Consider a right angled $\triangle PQR$ right angled at $P$ i.e ($\angle QPR=90°$) with side $PR=4$ and area$=6$. If $\triangle PQR$ is rotated through $360°$ about the side $PR$ , what is the $TSA$ of the resulting solid?
My Attempt: $$Ar.(\triangle PQR)=6$$ $$\dfrac {1}{2} {PR}\times {PQ}=6$$ $$PQ=3$$.
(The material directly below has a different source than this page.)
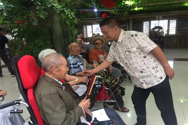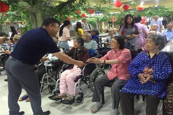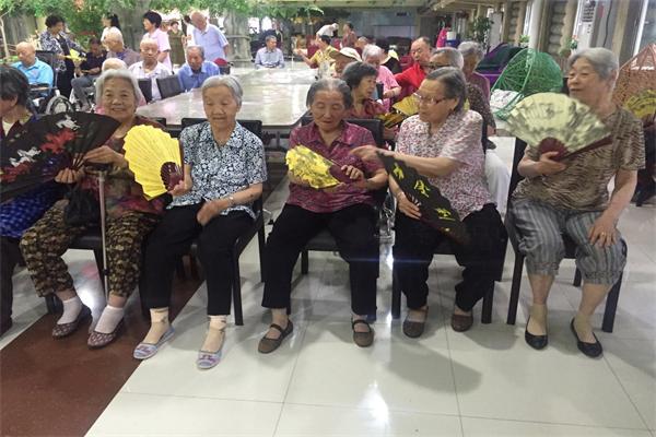 杏林养老产业发展(大连)有限公司董事长为老人分发扇子

Again, by Pythagoras Theorem $$QR=\sqrt {PR^{2} + PQ^{2}}$$ $$QR=5$$.
How do I proceed further?
On
According to the description, the resultant shape is a cone. In which, specific parts have their standard names:-
PR = vertical height = h; PQ = base radius = r; QR = slant height = L.
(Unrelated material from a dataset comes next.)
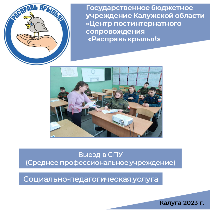 В рамках выполнения государственного задания, специалисты Центра «Расправь крылья!» под руководством заведующего отделением комплексной помощи Глущука О.А. посетили ГБПОУ КО «Перемышльский техникум эксплуатации транспорта».

TSA = (base area) + [curved surface area] = $(\pi r^2) + [\pi \times r \times L]$.
Here is the way to find out why [curved surface area] = $\pi \times r \times L$:-
1) Cut a cone-shaped paper drinking cup along QR.
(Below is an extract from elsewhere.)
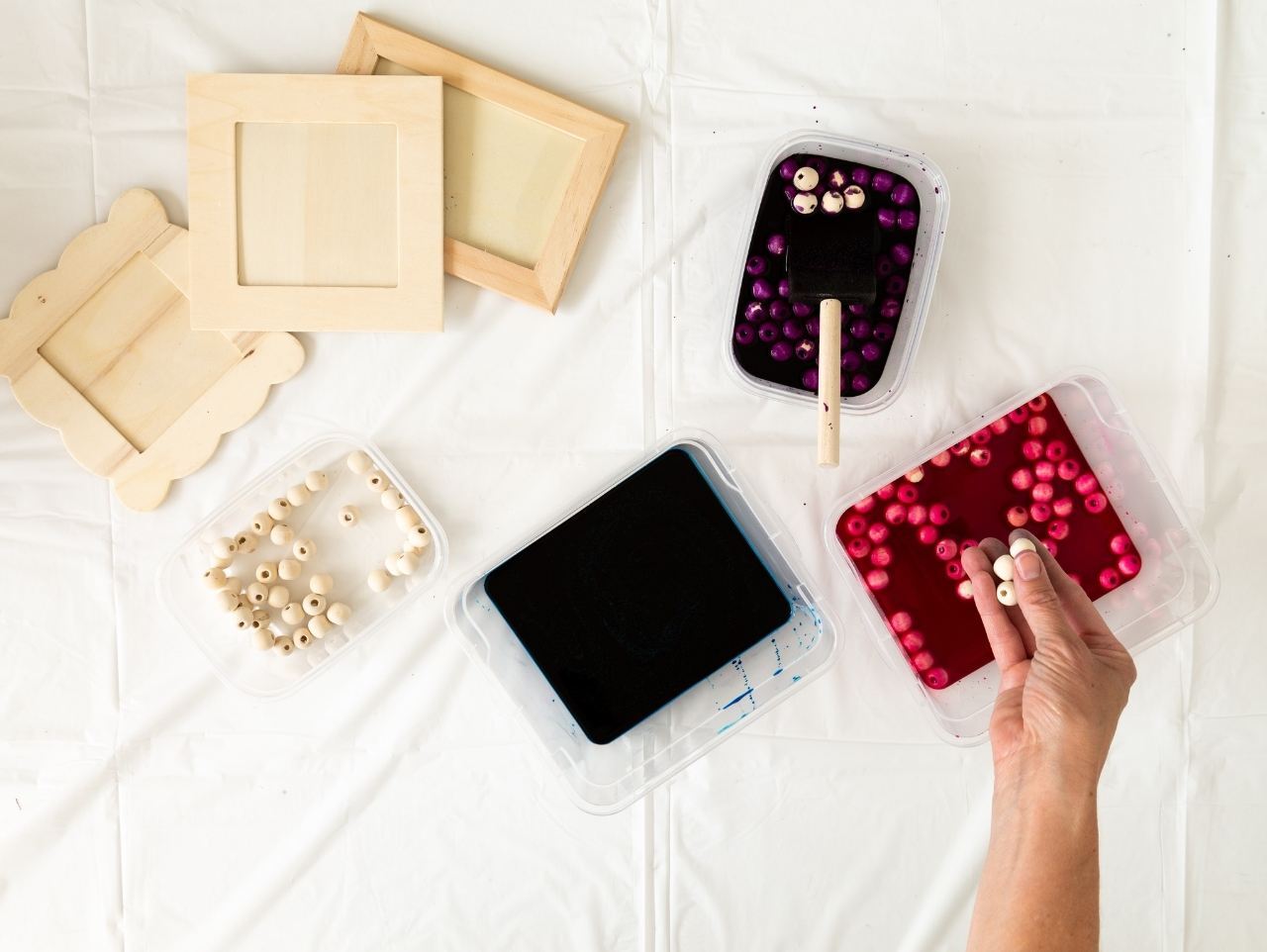 Now it's time to dye some wood beads! Simply drop the beads into the dye bath and let sit in dye for about five minutes. Remove the beads with a plastic spoon. Place onto a paper plate to dry.

2) Lay the cut-up object flat.
3) Convince yourself that the flattened object is in the form of a sector of a new circle with the following specs:- radius = L and arc length $= 2 \pi r$.
4) Use the above info to find the central angle of that sector.
5) Find the area of that sector (whose area is exactly that of the curved surface).
The solid will be a cone with radius $PQ=3$ and generator $QR=5$.
Then TSA is given by
$$TSA=\pi \cdot PQ\cdot QR+\pi PQ^2=15\pi+9\pi=24\pi$$.